Saudi Royal Family is one of the biggest investors in Twitter. Prior to working as an advisor in the White House, he was a real estate developer for his family. Last year, he said he would leave politics and start an investment firm. The weekly New York Observer was previously owned by Kushner.

Elon Musk is the Elephant in the Room: How to Stop the Covid-19 Abuse of Twitter and Ensure that the C.E.O. is Responsible

As a result of Musk’s penchant for using social networking sites and his rapid decisions after previous polls, it was expected that he would address the elephant in the room by now. However, he has not. Musk was out of the public eye most of Monday except for an 18-hour period.

“We believe banning journalists without consistent defensible standards or clear communication in an environment where many people believe free speech is at risk is too much for a majority of consumers to continue supporting Mr. Musk/TSLA, particularly people ideologically aligned with climate change mitigation,” Rusch wrote.

When Elon Musk polled Twitter users about whether to reinstate former President Donald Trump’s account, he quickly followed through on the majority’s wish to do so. He pronounced it in Latin: “the voice of the people is the voice of God.”

He went ahead and did it when people voted on a poll to give general amnesty to suspended accounts. He also heeded user votes in a poll to restore the accounts of tech journalists that he had suspended on Friday.

While it’s unclear how he would restrict voting to only those who pay for the company’s subscription service, such a change could dramatically reduce the number of Twitter users who could vote in polls. It would also skew those who can vote to the users who are willing to pay up for Twitter Blue, which includes the controversial paid verification feature Musk pushed to introduce. Compared to poll taxes, Musk’s Monday letter immediately prompted comparisons.

Musk forced remaining employees to take a pledge to become “extremely hardcore” in their work, and stopped enforcing Twitter’s policy against Covid-19 misinformation.

A paid verification feature that was to be used to vouch for verified brands and athletes was instead manipulated by fake accounts on the platform in a matter of days.

The policy of the platform doesn’t make sense, according to Jack Draymo, who previously voiced his support for Musk’s takeover.
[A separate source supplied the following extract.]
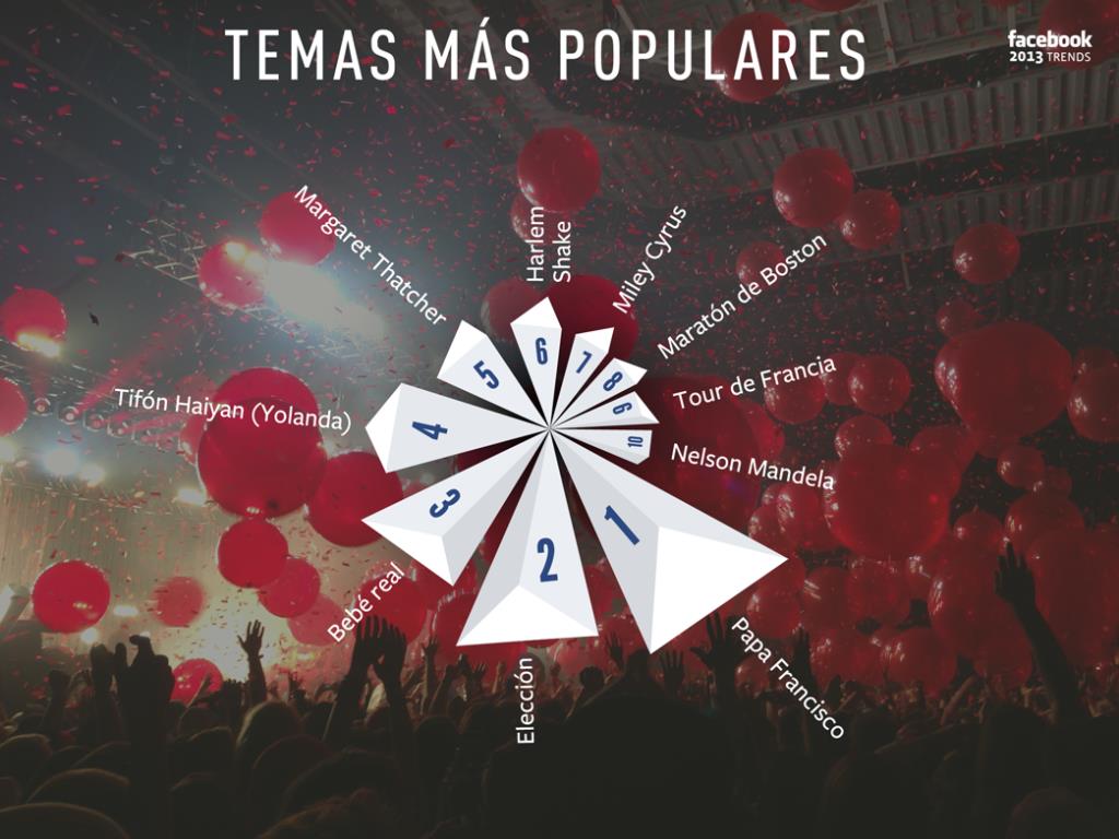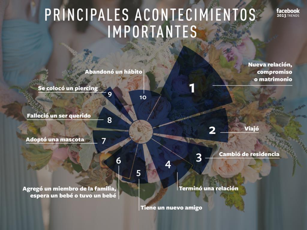 Top life events y check-ins: Qué acontecimientos y lugares generaron el mayor número de posteos y check-ins en 2013 y, a partir de ahí, se utilizaron los datos para crear clasificaciones globales y nacionales.

Mr. Musk clarified on Tuesday that he still planned to oversee Twitter’s software and server teams, which, The Verge notes, is basically a lot of the company. It’s possible that the C.E.O. would end up in control of the business aspects of the site.

Mr. Musk also openly questioned the quality of anyone applying for the role. Beyond the “foolish” crack in Tuesday’s tweet, he previously wrote, “Those who want power are the ones who least deserve it.”

As reported by Forbes, Musk stated via video link that he needed to stabilize the organization and make sure it was in a financially healthy place. “I’m guessing probably towards the end of the year would be good timing to find someone else to run the company.”

Despite Musk’s comments about potentially leaving his CEO position by year end, he has a well documented habit of misestimating future plans. The Tesla Cybertruck will now enter production in 2024, over two years later than the original late 2021 date given during its 2019 launch. Musk also previously said that a Tesla should be able to drive itself across the country by the end of 2017. The feat is yet to be achieved half a decade later.

The World Government Summit also covered Musk’s plans for Twitter more generally, including his ambitions to reduce misinformation on the platform. You can watch the whole interview below, or skip ahead to Musk’s response about stepping down as CEO, which starts at around the 15 minute mark.